### TASK GOAL
Please begin with the line containing "高级母婴护理师证、高级育婴师" and reproduce each line exactly until the records below end, without any pictures.

----------

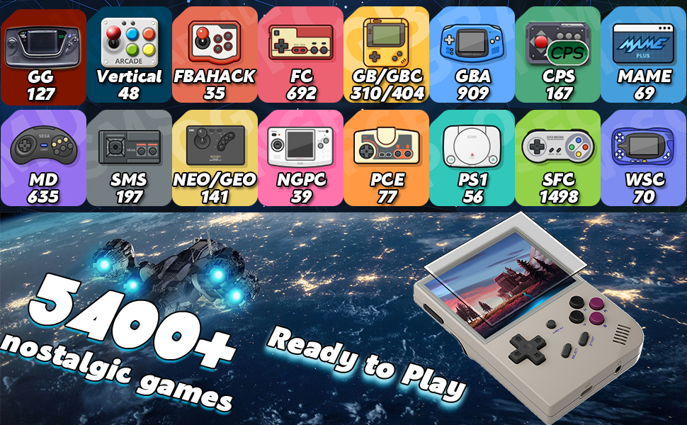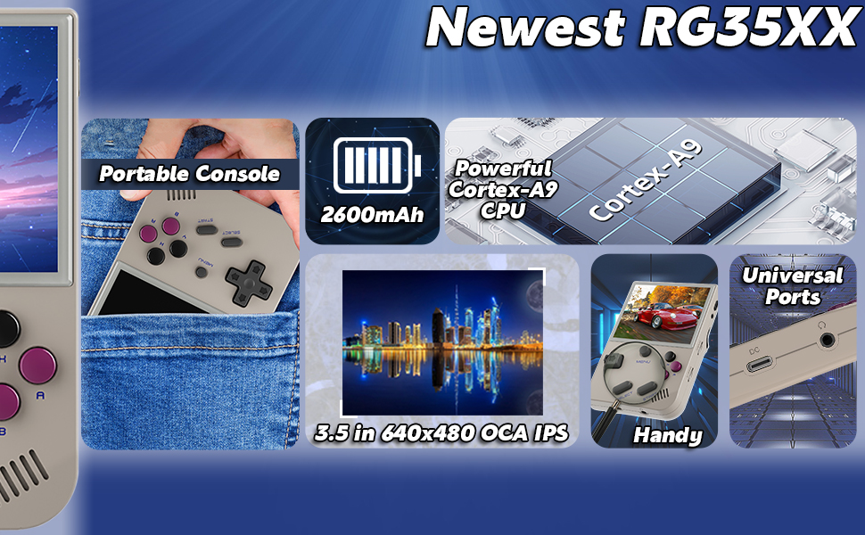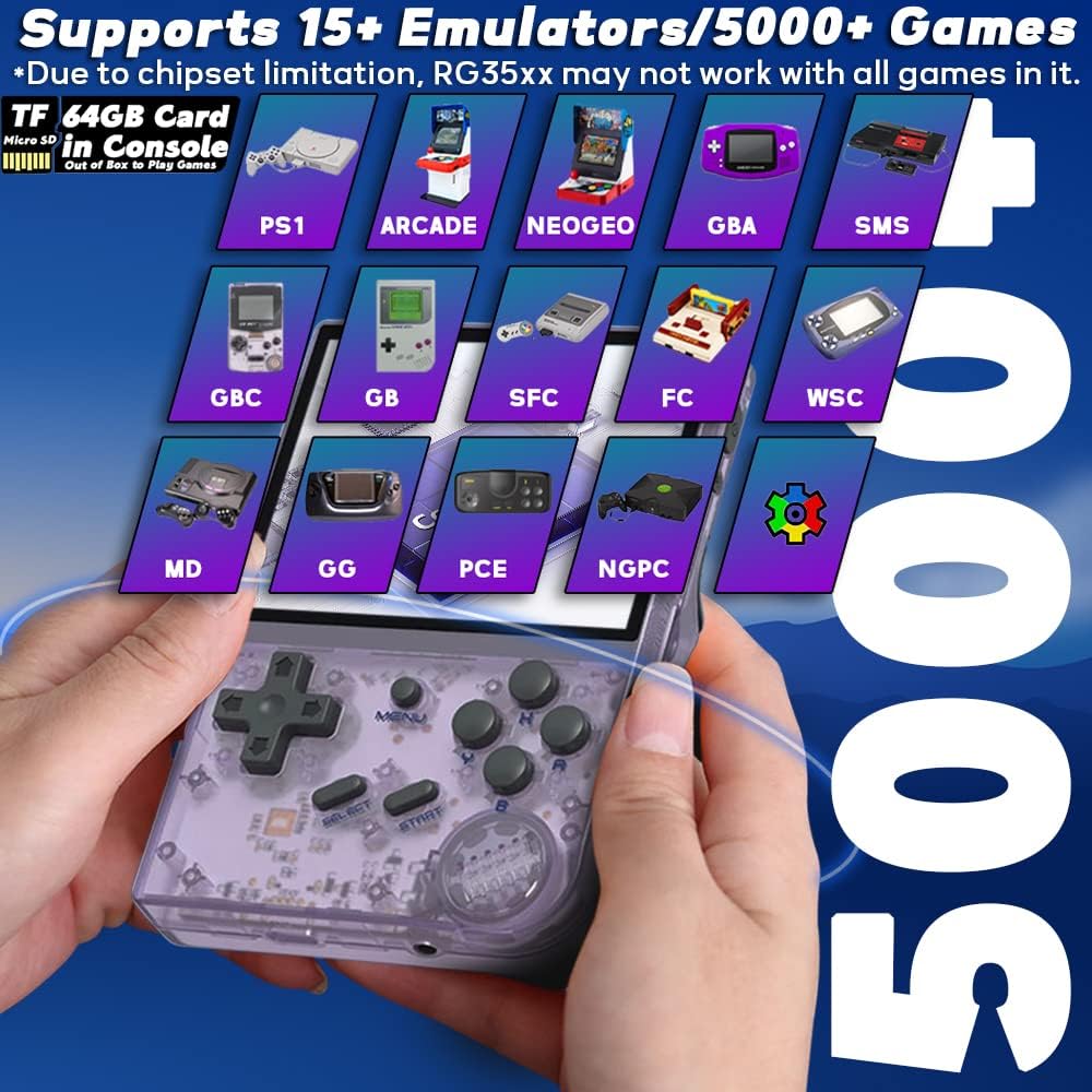 🎮5000+ ألعاب كلاسيكية مختارة: تدعم وحدة التحكم في الألعاب RG35XX العشرات من المحاكيات التي تغطي العديد من أنواع الألعاب، مثل المغامرة والحركة والسباقات وما إلى ذلك. وتعمل مع أكثر من 15 منصة محاكية.
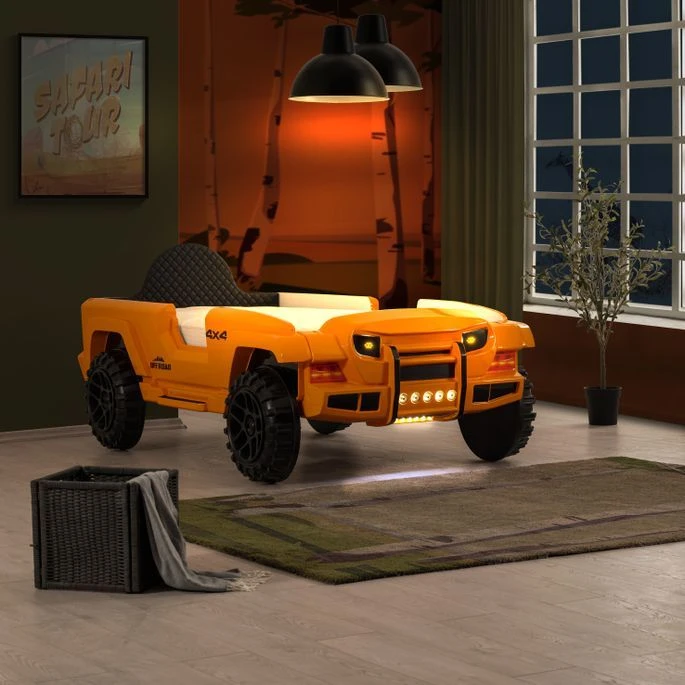 Donnez à votre enfant une aventure amusante tous les soirs avec le lit enfant version Jeep orange.
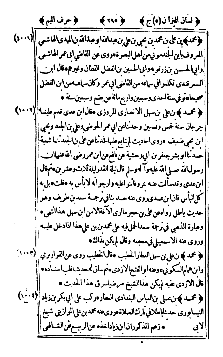 1001 - "محمد" بن علي بن محمد بن يحيى بن علي بن عبد الله أبو عبد الله بن المهدي الهاشمي المعروف بابن الجندموني من أهل البصرة روى عن القاضي أبي عمر الهاشمي وأبي الحسن بن رزقويه وأبي الحسين بن الفضل القطان وغيرهم قال ابن السمرقندي تكلموا في سماعه من القاضي أبي عمر وكان سماعه من بن الفضل صحيحا توفي سنة إحدى وسبعين وأربع مائة عن بضع وسبعين سنة.
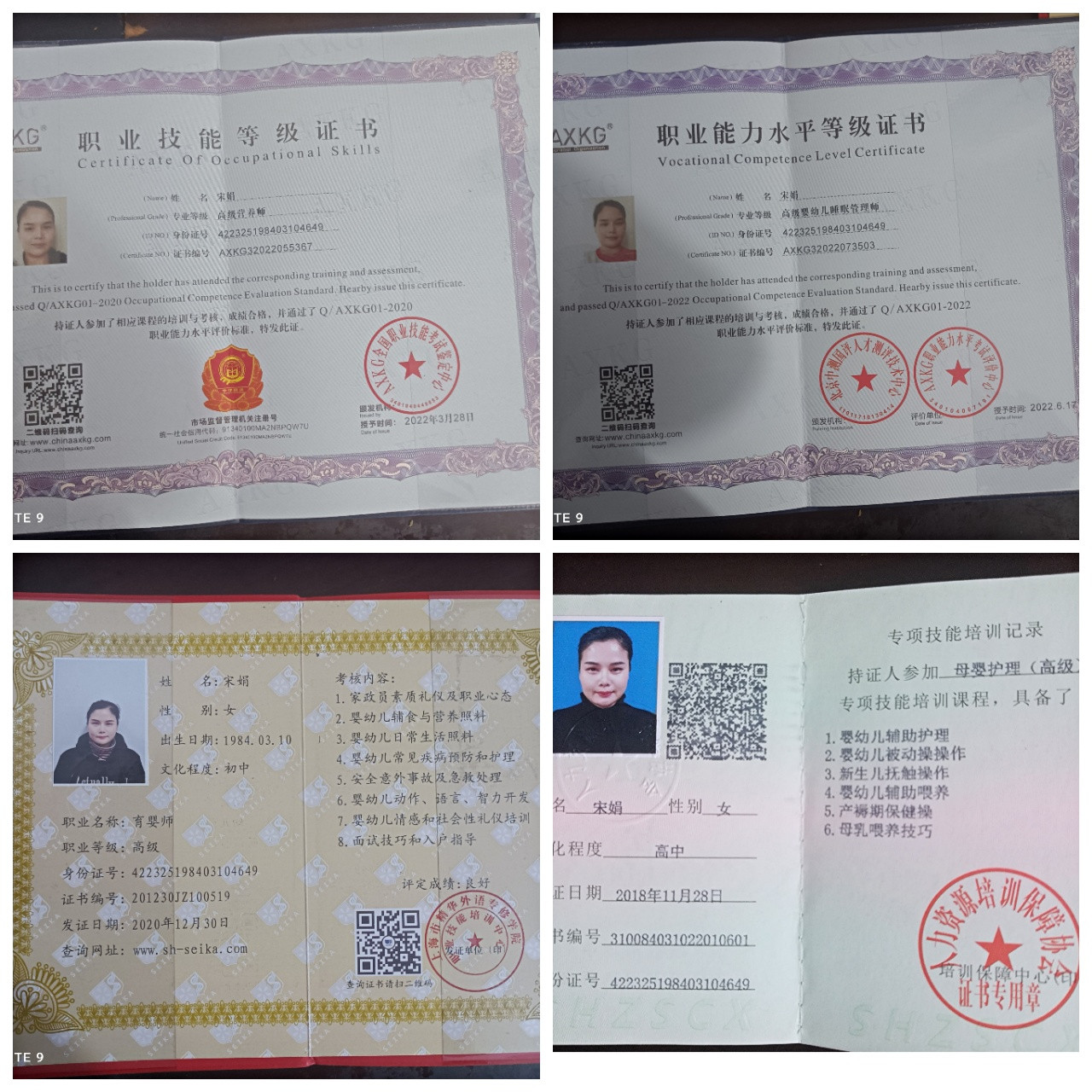 高级母婴护理师证、高级育婴师证、高级营养师证,高级婴幼儿睡眠管理师证、职业催乳师证
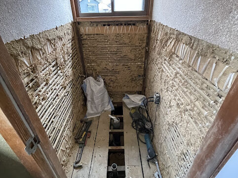 解体・撤去 便器・手洗い器をはじめ、床・腰壁タイル・天井を撤去処分。新しい便器に合わせ、排水管の位置を調整しました。
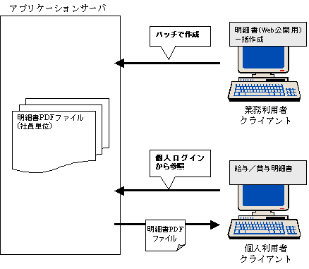 ・ 本機能で作成した明細書のPDFファイルは、個人ログインした利用者が給与/賞与明細書(1.3.4)から閲覧することができます。以下の図に、本機能の概要を示します。PDFファイルは、アプリケーションサーバ上に作成またはデータベースのテーブルに保存することができます。詳細はインストール手順書の「付録C 帳票Web配信の設定について」を参照してください。
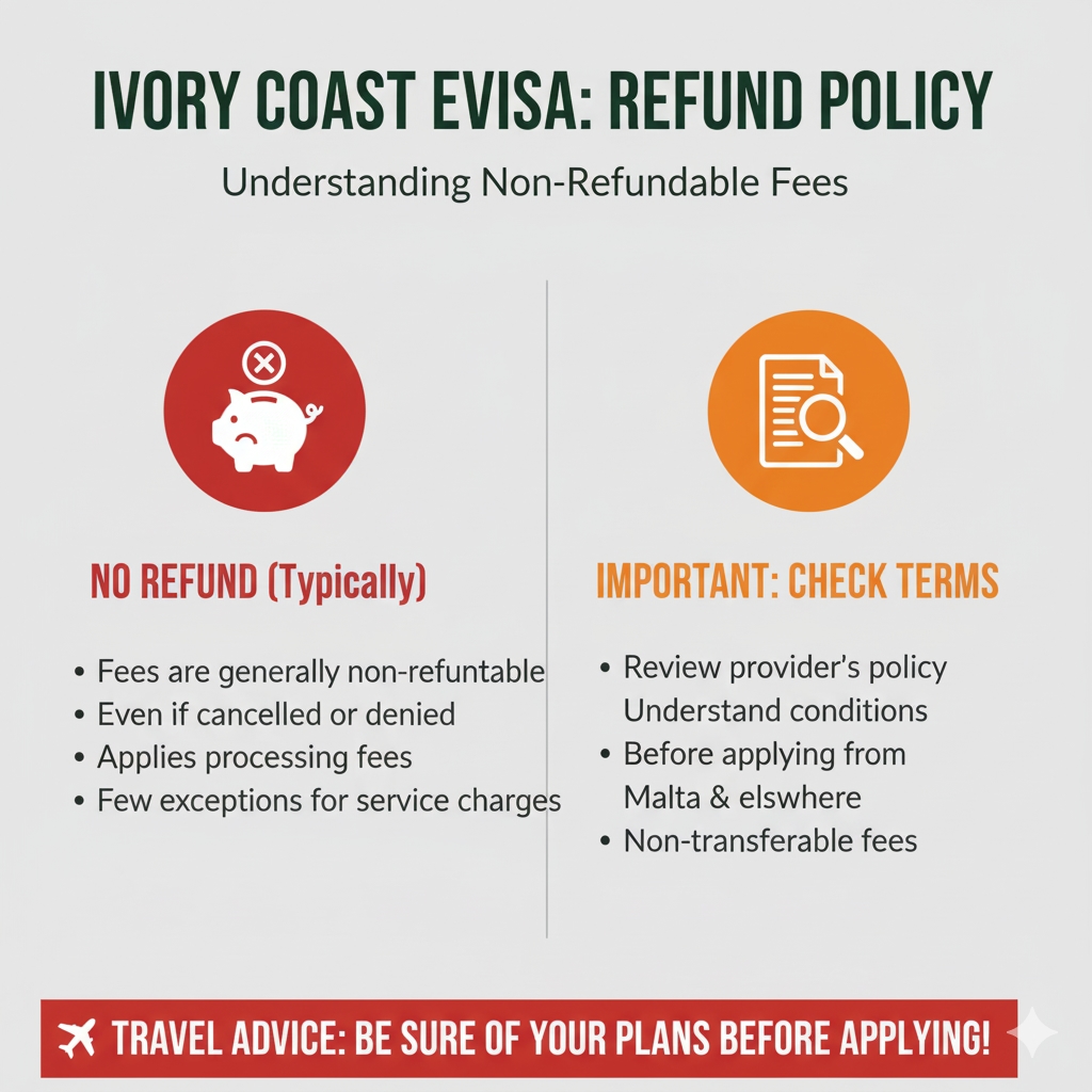 Will I get my money back if I cancel my Ivory Coast e-visa?
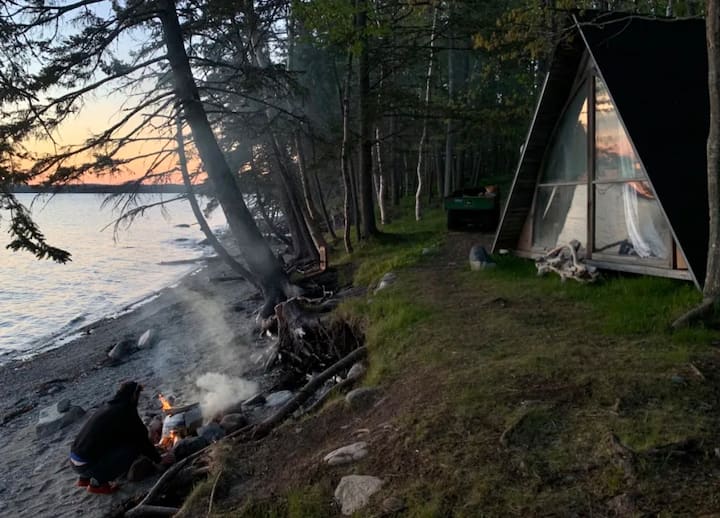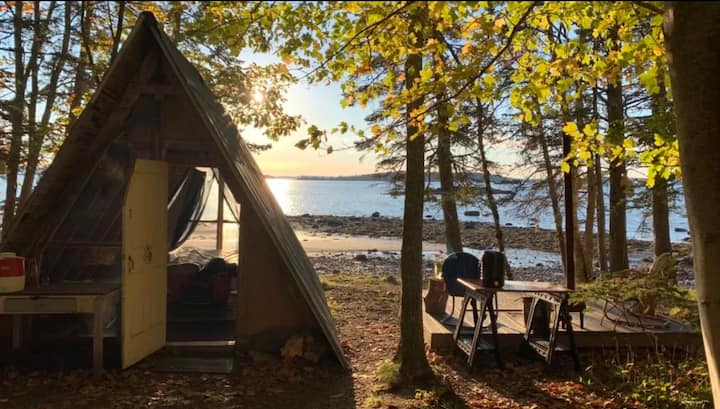 La propriété est éloignée et n'a pas de voisins immédiats, mais est entourée de 65 acres de terres publiques préservées avec des sentiers à travers les bois ; une forêt magique & plage accessible à pied. Se sent la plupart du temps comme une plage privée mais le site n'est pas entièrement privé. il y a une autre cabane et un camping à proximité. A-frame est loin de la foule du parc et juste assez loin de la route 1 pour que le bruit des moteurs soit à peine audible. Il y a deux autres sites de tentes, une autre cabane et notre maison ici, suffisamment espacées. Pendant les mois d'été, les homards bourdonneront dans la baie en extrayant leur prime de la mer.

----------

### RESULT
 高级母婴护理师证、高级育婴师证、高级营养师证,高级婴幼儿睡眠管理师证、职业催乳师证
 解体・撤去 便器・手洗い器をはじめ、床・腰壁タイル・天井を撤去処分。新しい便器に合わせ、排水管の位置を調整しました。
 ・ 本機能で作成した明細書のPDFファイルは、個人ログインした利用者が給与/賞与明細書(1.3.4)から閲覧することができます。以下の図に、本機能の概要を示します。PDFファイルは、アプリケーションサーバ上に作成またはデータベースのテーブルに保存することができます。詳細はインストール手順書の「付録C 帳票Web配信の設定について」を参照してください。
 Will I get my money back if I cancel my Ivory Coast e-visa?
 La propriété est éloignée et n'a pas de voisins immédiats, mais est entourée de 65 acres de terres publiques préservées avec des sentiers à travers les bois ; une forêt magique & plage accessible à pied. Se sent la plupart du temps comme une plage privée mais le site n'est pas entièrement privé. il y a une autre cabane et un camping à proximité. A-frame est loin de la foule du parc et juste assez loin de la route 1 pour que le bruit des moteurs soit à peine audible. Il y a deux autres sites de tentes, une autre cabane et notre maison ici, suffisamment espacées. Pendant les mois d'été, les homards bourdonneront dans la baie en extrayant leur prime de la mer.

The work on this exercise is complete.